It is estimated that thousands of sports-related oral injuries are prevented each year by the use of mouth guards. Mouth guards, much like air bags, cushion the force of a blow to the jaw and dissipate the energy, greatly decreasing the incidence and severity of concussions because the lower jaw (the mandible), is not forced back into the base of the skull (the TMJ), and harmful forces are not transmitted to the brain.
In addition, the teeth and soft tissues of the mouth are protected because the upper and lower jaws are not brought forcefully together, and the front teeth are cushioned. Costs related to replacing teeth lost due to trauma can run into the thousands, and can lead to a lifetime of dental problems.
What to do if a sporting injury occurs
Knocked out tooth
If a tooth is knocked out see your dentist immediately.

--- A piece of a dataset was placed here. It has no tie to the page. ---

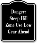 Danger Steep Hill Zone Use Low Gear Ahead BLACK Aluminum Composite Sign

If the dentist can re-implant the tooth with thirty minutes it may be possible to save the tooth.
Find and pick up the tooth by the top portion to prevent damage to the root.
Handle the tooth as little as possible.
Gently clean away any dirt by running under water.
Where possible replace the clean tooth in the socket, hold it in place with your finger and ask your child to bite down gently on it.
If you cannot replace the tooth place it in a container with milk.
Do not replace baby teeth in the socket as this may damage the formation of the permanent tooth bud.
If a tooth is pushed in or out, use light finger pressure to move the tooth back to its normal position.
Do not force the tooth.
Use a moist cloth or gauze to hold the tooth in place.
See your dentist as soon as possible.